Generating our SST Project
Before we start you’ll want to ensure you have an AWS account with the AWS CLI configured locally.
By default, if you run npx create-sst <your-app-name>
, SST provides a
full-stack application, including an RDS or Dynamo database, and a GraphQL API
as well - among other things. Those offerings are powerful and could be a
solution for your project, but for the sake of simplicity and staying focused on
only adding serverless functions as API Routes for our application, we’ll use a
more stripped-down
SST template to limit
what is installed.
To get started we’ll run npx create-sst@latest --minimal <your-app-name>
. This
will generate a new SST project that includes only the minimal set of things
needed to form an SST app with serverless functions. You’ll notice that we are
presented with an option to choose a template:
We could choose the javascript-starter
template if we wanted to create a
serverless function written in Node.js. However, since we’re presented with the
option, let’s do something different this time and choose go-starter
. This
will generate the project for us, but the serverless functions will be written
in Go lang instead. Here’s a look at the Go servless function
that’s generated:
Adding in Ember
Now that we have an SST project started, let’s navigate into that project and
generate a new Ember.js application at the SST project root with
npx ember-cli@latest new frontend
. We’ll call the new Ember project, frontend,
to keep things generalized and we’ll also note that the frontend code here
doesn’t have to be Ember. There are many examples that you can auto-generate
with the npx create-sst@latest --examples
command that will come pre-packaged
with an example frontend repository. Hopefully, one day one of those examples
will include Ember, but for now, there’s a small piece of manual configuration
we need to set in place for things to work.
Connecting the Wires
After generating the frontend application we’ll make some adjustments to the
./stacks/MyStack.ts
file. Go ahead and add an import for StaticSite
and
let’s also add a new StaticSite that will point to our Ember application:
// we added the StaticSite import here
import { StackContext, Api, StaticSite } from '@serverless-stack/resources';
export function MyStack({ stack }: StackContext) {
const api = new Api(stack, 'api', {
routes: {
'GET /': 'functions/lambda/main.go'
}
});
// we added instantiation of StaticSite for the Ember application here
const site = new StaticSite(this, 'EmberSite', {
path: 'frontend',
buildOutput: 'dist',
buildCommand: 'npm run build',
environment: {
// Pass in the API endpoint to our app
EMBER_APP_API_URL: api.url
}
});
stack.addOutputs({
ApiEndpoint: api.url
});
}
This will tell your SST project about your Ember application, how to build the
Ember code and where to save the build. After this, we should go ahead and run
npm install
or yarn
in both the SST project root and the Ember project root.

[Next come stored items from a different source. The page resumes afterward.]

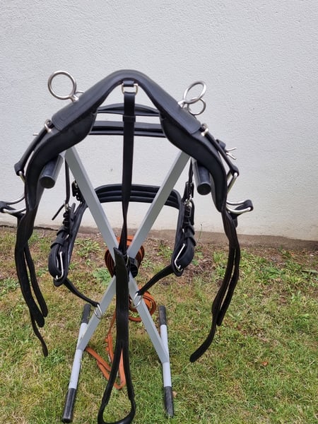 Einspänner Brustblatt-Kutschgeschirr der Sattlerei Meinecke für Warmblut. Handgefertigt aus rein pflanzlich gegerbtem Rinds-Leder - Brustblatt für Einspänner komplett mit Halsriemen, ca. 8,5 cm breit, mit Beleg und Filzeinlage - Sellet für Marathon besonders stabil - Schweifriemen - Kurzstränge - Einspännerleine aus Spezialleder Das Geschirr ist in einem neuwertigen und gepflegtem Zustand, da es nur wenig genutzt werden konnte. Mein Friese ist leider unerwartet viel zu früh verstorben. Die Produkte der Sattlerei Meinecke stehen für höchste Qualität, ohne Kompromisse bei Komfort, Funktionalität, Design und Qualität. Abholung in Hilden möglich Versand gegen Versandgebühr Zahlung per Paypal Da Privatverkauf keine Garantie, Gewährleistung oder Rücknahme
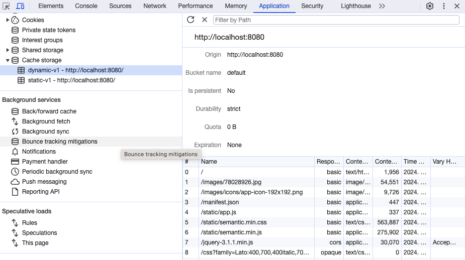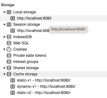 위에서 CACHE_STATIC_NAME와 CACHE_DYNAMIC_NAME로 상수를 지정하고 변경 시 위의 버전정보를 증가시켜준다. 그러면 새로운 이름의 캐시가 생성이 된다.
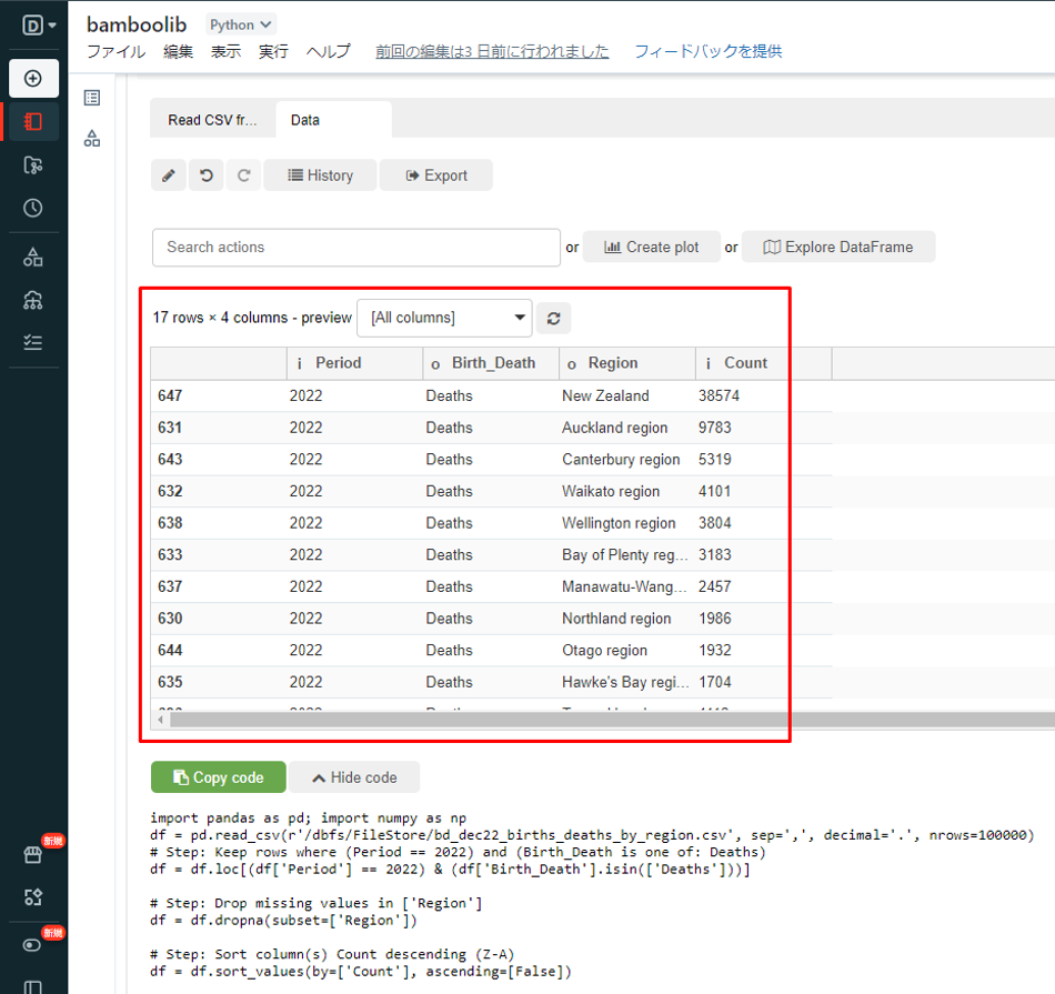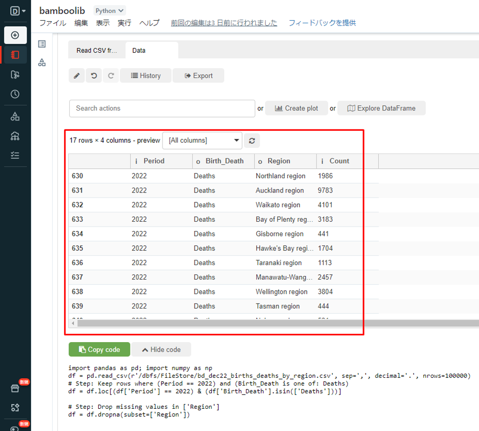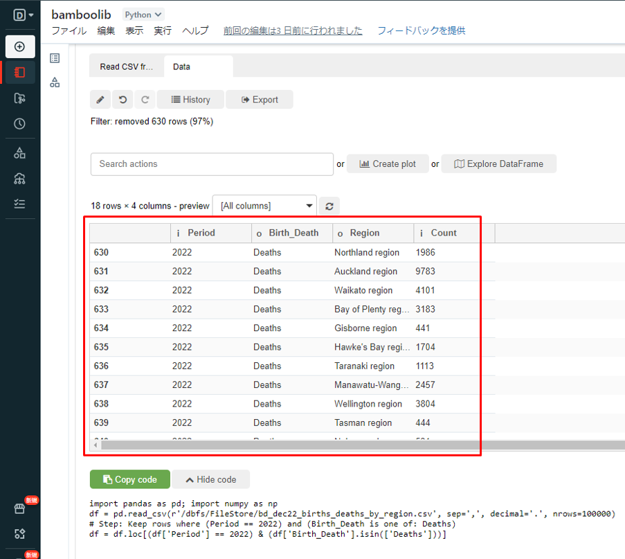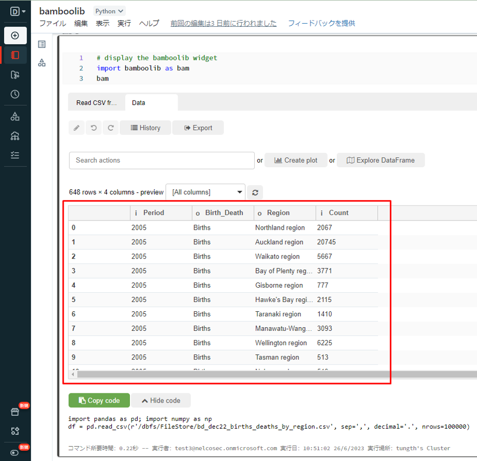 ① 以下のコードをコピーしてデータを表示して、ノートブックで実行します。
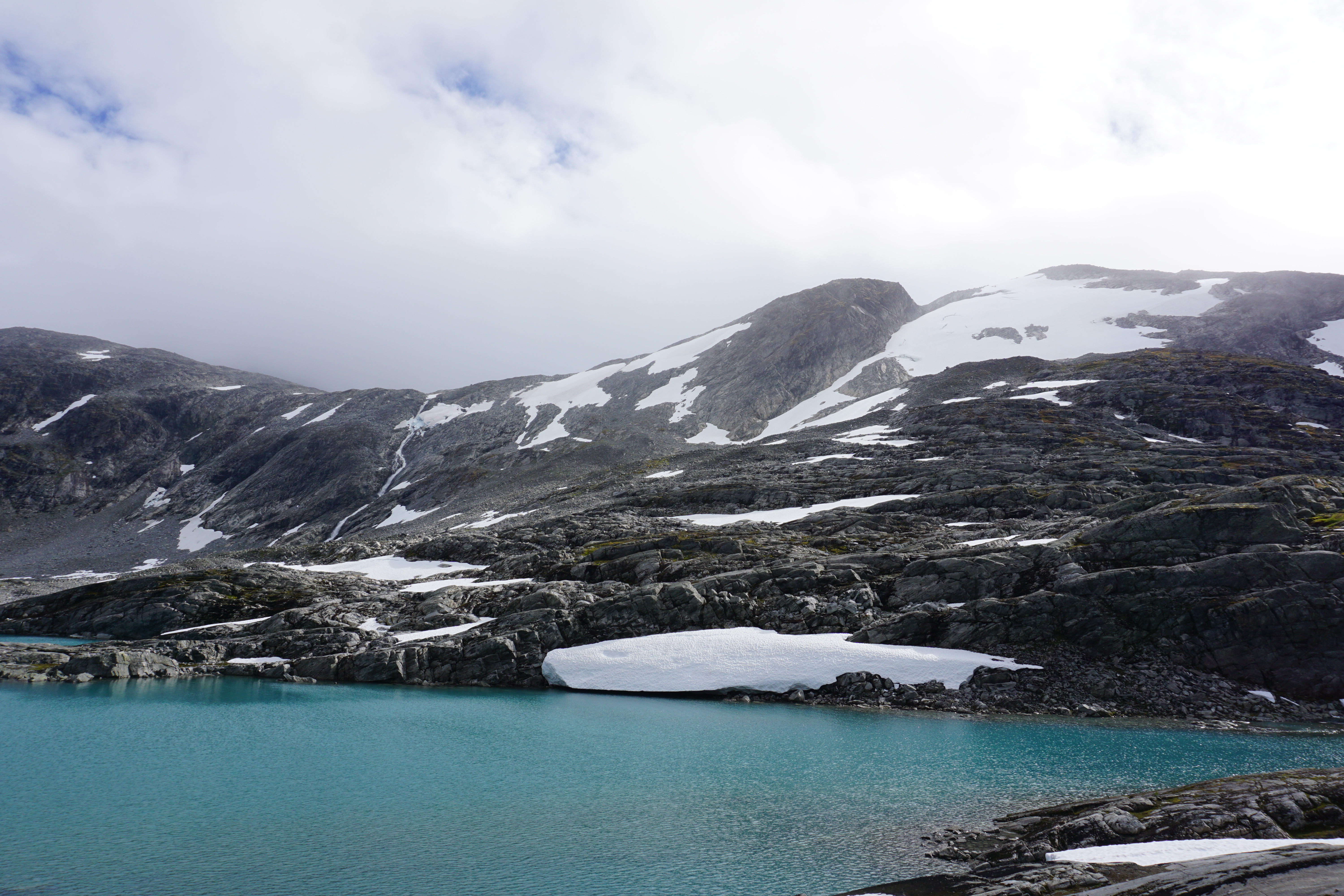 Immer wieder liegen Schneeflecken direkt neben der Straße. Besonders dicht kommt man diesen bevor der Weg zu Ende ist und man wieder auf die E15 trifft und damit zurück in die grüne Fjordwelt eintritt.
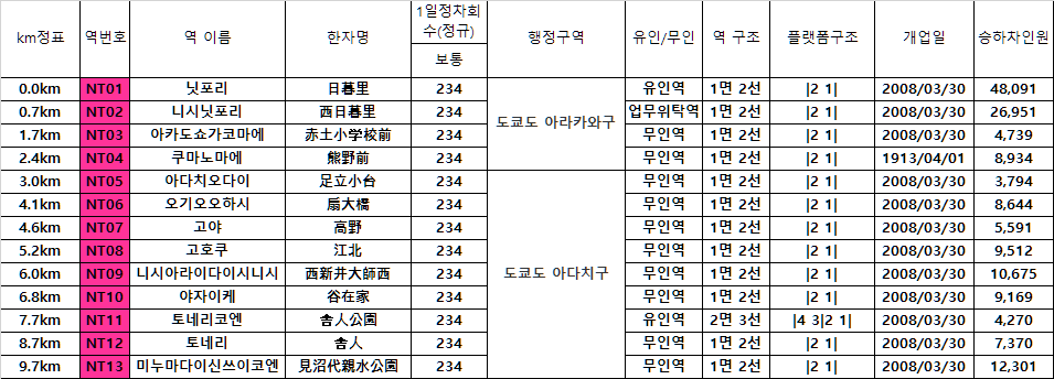 역수 : 13개 역(닛포리~미누마다이신쓰이코엔)
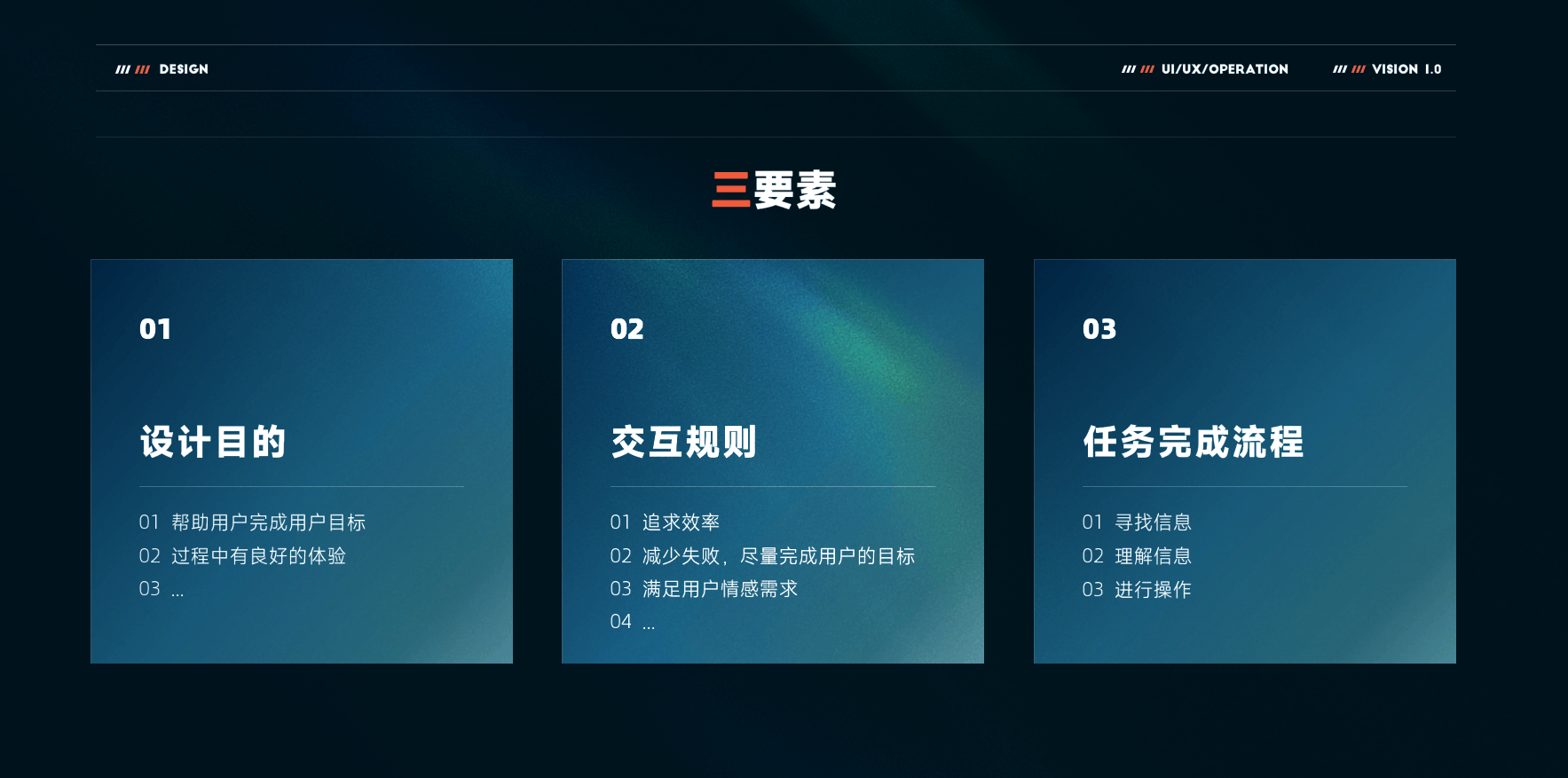 這里說的三要素分別為 設(shè)計目的、交互規(guī)則、完成任務(wù)過程。(三要素的定義說明都以簡單化的去舉例,主要展示整體的思維方法)
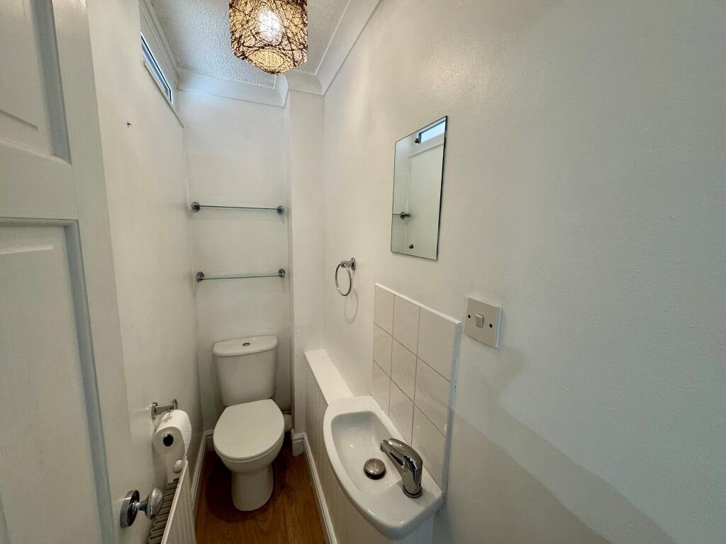 Upstairs, three generous bedrooms provide restful sanctuaries, each bathed in natural light. The principal bedroom and second bedroom both feature plush fitted carpets and peaceful garden views, while the third offers a bright, adaptable space, perfect for a nursery or home office.

Note, at the time of this writing, we had to use Node 16 and chose the latest
LTS, lts/gallium
, but your mileage may vary.
If you now run yarn start
or npm start
from the SST project root this will
start the SST side of things, which includes creating debug deployments that
help run the serverless function locally. The SST CLI will ask for an
environment name which we’ll provide as dev
, but you can call it whatever you
like.
This may take several minutes to complete since SST is conducting an actual
initial deployment (SST uses something they call
live lambda development, which
includes deploying services for your development environment to interact with),
but at the end of the process you should see something like the following which
should include the ApiEndpoint
where the serverless function can be reached:
Now before booting our Ember app we’ll probably want to set things up so that
the Ember application communicates with the serverless function. We’ll do that
by generating an application route in the Ember app and sending a fetch request
to the ApiEndpoint
URL as a gut check to ensure we can retrieve some data.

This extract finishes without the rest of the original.